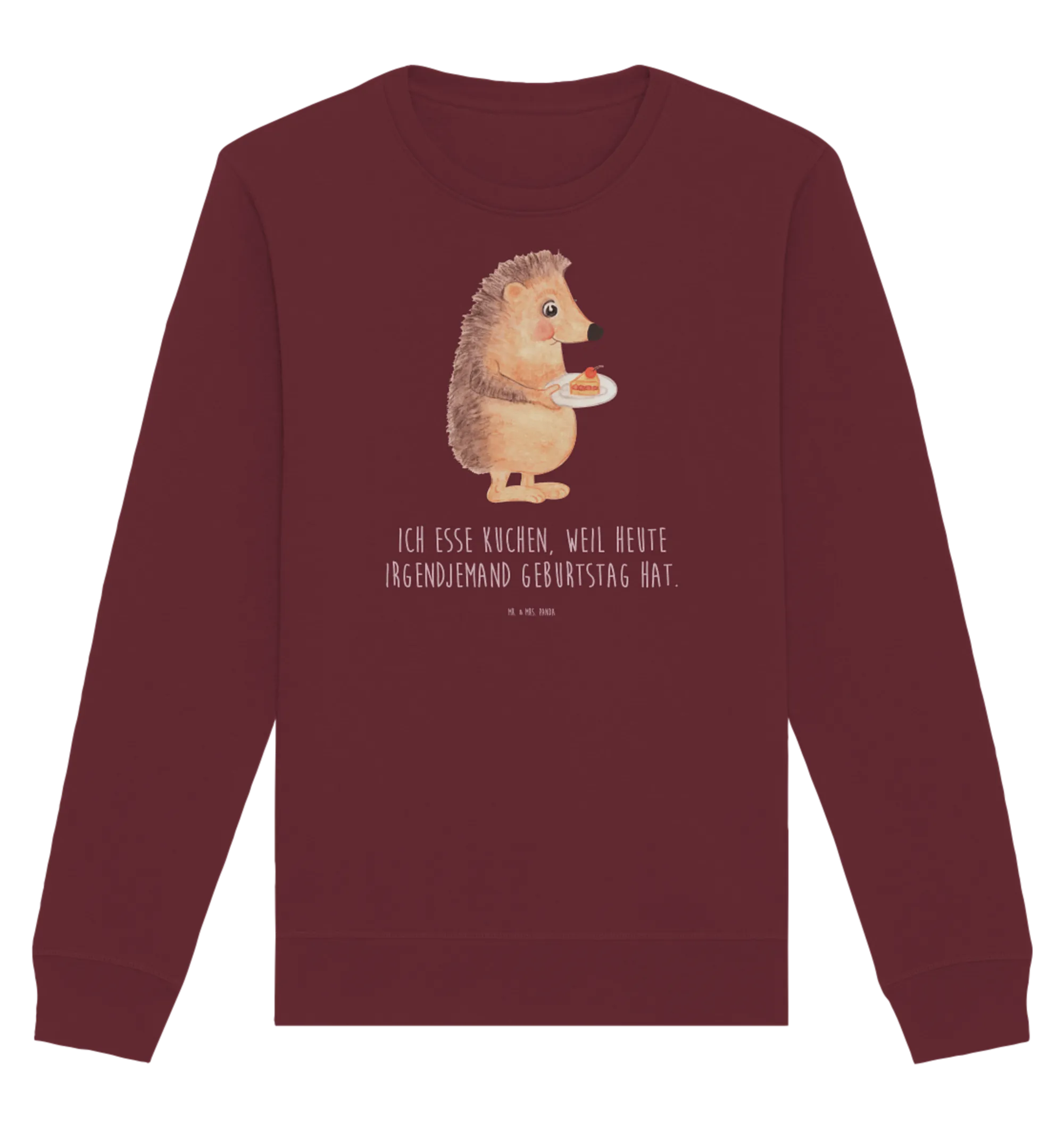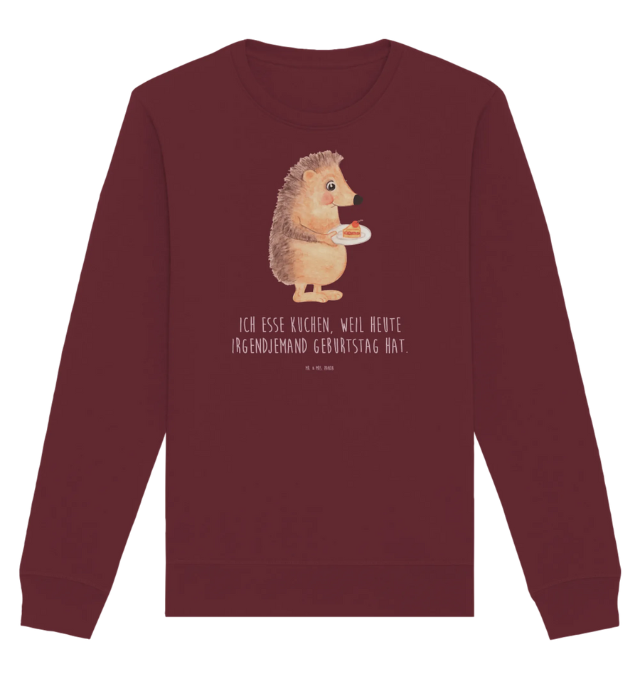 Organic Pullover Hedgehog piece of cake - Size XXL - with a saying - Burgundy
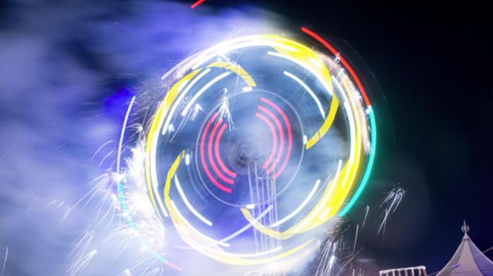 The Momentum Wheel : A giant 8m tall catherine wheel lighting effect
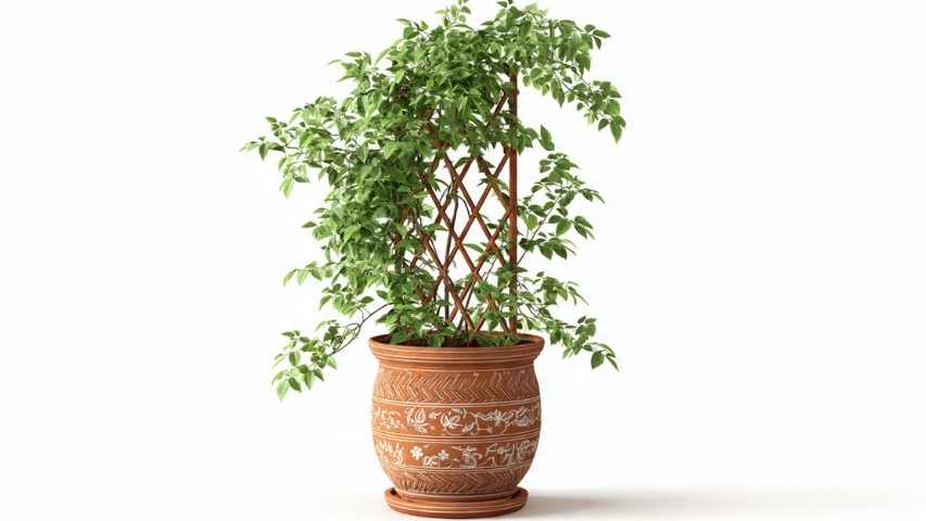 Choose a pot that is roughly twice the size of the plant’s root system. This gives it ample space to grow for a couple of years before needing to be repotted. Ensure the pot has large drainage holes. If you plan to use a trellis, a heavier pot made of terra-cotta is a good choice to prevent it from tipping over as the plant grows taller.
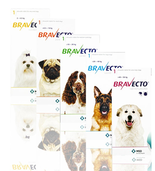 | Dosage | Amounts to be administered and administration route For oral use. Bravecto should be administered in accordance with the following table (corresponding to a dose of 25 – 56 mg fluralaner/kg body weight within one weight band): Body weight of dog (kg) Strength and number of tablets to be administered Bravecto 112.5 mg Bravecto 250 mg Bravecto 500 mg Bravecto 1000 mg Bravecto 1400 mg 2 - 4.5 1 > 4.5 - 10 1 > 10 - 20 1 > 20 - 40 1 > 40 - 56 1 The chewable tablets should not be broken or divided. For dogs above 56 kg body weight, use a combination of two tablets that most closely matches the bodyweight. Method of administration Administer Bravecto chewable tablets at or around the time of feeding. Bravecto is a chewable tablet and is well accepted by most dogs. If the tablet is not taken up voluntarily by the dog it can also be given with food or directly into the mouth. The dog should be observed during administration to confirm that the tablet is swallowed. Treatment schedule For optimal control of flea infestation, the veterinary medicinal product should be administered at intervals of 12 weeks. For optimal control of tick infestation, the timing of retreatment depends on the tick species. See also section "Indications for use". For the treatment of Demodex canis mite infestations, a single dose of the product should be administered. As demodicosis is a multi-factorial disease, it is advisable to also treat any underlying disease appropriately. For the treatment of sarcoptic mange infestations (Sarcoptes scabiei var. canis), a single dose of the product should be administered. The need for and frequency of re-treatment should be in accordance with the advice of the prescribing veterinarian. Overdose (symptoms, emergency procedures, antidotes), if necessary No adverse reactions were observed following oral administration to puppies aged 8 – 9 weeks and weighing 2.0 – 3.6 kg treated with overdoses of up to 5 times the maximum recommended dose (56 mg, 168 mg and 280 mg fluralaner/kg body weight) on three occasions at shorter intervals than recommended (8-week intervals). There were no findings on reproductive performance and no findings of concern on offspring viability when fluralaner was administered orally to Beagle dogs at overdoses of up to 3 times the maximum recommended dose (up to 168 mg/kg body weight of fluralaner). The veterinary medicinal product was well tolerated in Collies with a deficient multidrug-resistance-protein 1 (MDR1 -/-) following single oral administration at 3 times the recommended dose (168 mg/kg body weight). No treatment-related clinical signs were observed. |

# # #

(WORK INSTRUCTIONS): Starting at the top of the listing above, reproduce each line up to and including the one with "Choose a pot"; omit the pictures.

(REPLY TO THE EXERCISE):
 Organic Pullover Hedgehog piece of cake - Size XXL - with a saying - Burgundy
 The Momentum Wheel : A giant 8m tall catherine wheel lighting effect
 Choose a pot that is roughly twice the size of the plant’s root system. This gives it ample space to grow for a couple of years before needing to be repotted. Ensure the pot has large drainage holes. If you plan to use a trellis, a heavier pot made of terra-cotta is a good choice to prevent it from tipping over as the plant grows taller.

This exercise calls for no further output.